How do I ignore redis if it is not available?
Asked Answered
A

1

6

I want my application (lets say a simple node file for now) to work as it is even if redis is not available. I'm not able to do it the correct way. This is what I've tried.

var redis = require('redis');
var redisClient = null;

var getRedisClient = function(){
    if(redisClient){
        return redisClient;
    }

    try {
        redisClient = redis.createClient({connect_timeout : 5000, max_attempts : 1});
        redisClient.on("error", function(err) {
            console.error("Error connecting to redis", err);
            redisClient = null;
        });
        return redisClient;
    } catch(ex){
        console.log("error initialising redis client " + ex);
        return null;
    }
};

try {
    var client = getRedisClient();
    console.log("done!");
} catch (ex){
    console.log("Exception");
}

However, with this code my application exits if redis is not available (it shouldn't because i've not given a process.exit() command).

How can I solve this?

Abigael answered 6/3, 2015 at 2:36 Comment(5)
I think your application exits because there's nothing more for it to do. Add a server or something.Sunlit
@Farid no, if redis is on, the application doesn't exit.Abigael
When redis isn't on the application exists, because it has nothing to do. When redis is on, then there's a persistent connection to the redis server and application isn't exiting because the connection is not closed. Node will only close when there's no connections/servers/events or any other types of IO.Sunlit
so you're saying that this code is okay?Abigael
Looks fine to me, though you wouldn't know if the code is perfect or not till it's tested in production... :PSunlit
C
6

Checking for Successful Connection on Start

Using a promise, you could guarantee that at least initially, you were able to connect to redis without error within a specified time period:

const redis = require('redis');
const Promise = require('bluebird');

function getRedisClient(timeoutMs){
    return new Promise((resolve, reject) => {
        const redisClient = redis.createClient();
        const timer = setTimeout(() => reject('timeout'), timeoutMs);
        redisClient.on("ready", () => {
            clearTimeout(timer);
            resolve(redisClient);
        });
        redisClient.on("error", (err) => {
            clearTimeout(timer);
            reject(err);
        });
    });
};

const redisReadyTimeoutMs = 10000;

getRedisClient(redisReadyTimeoutMs)
    .then(redisClient => {
        // the client has connected to redis sucessfully
        return doSomethingUseful();
    }, error => {
        console.log("Unable to connect to redis", error);
    });

You Need Proper Error Handling

The redis client being non-null does NOT guarantee using it won't throw an error.

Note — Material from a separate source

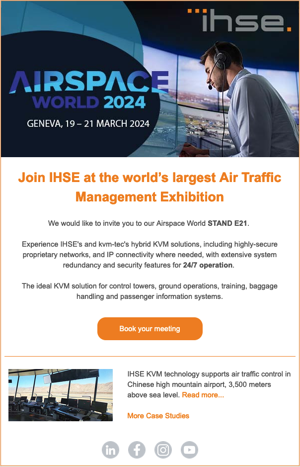 We would like to invite you to our Airspace World STAND E21. Experience IHSE’s and kvm-tec’s hybrid KVM solutions, including highly-secure proprietary networks, and IP connectivity where needed, with extensive system redundancy and security features for 24/7 operation.

  • you could experience infrastructure misfortune e.g. crashed redis process, out of memory or network being down.

  • a bug in your code could cause an error e.g. invalid or missing arguments to a redis command.

You should be handling redis client errors as a matter of course.

DON'T null the Redis Client on Error

It won't give you much but it will force you to check for null every time you try and use it.

The redis client also has inbuilt reconnect and retry mechanisms that you'll miss out on if you null it after the first error. See the redis package docs, look for retry_strategy.

DO Wrap your redis client code with try .. catch ... or use .catch in your promise chain.

DO Make use of a retry_strategy.

Caucasus answered 10/4, 2017 at 13:52 Comment(0)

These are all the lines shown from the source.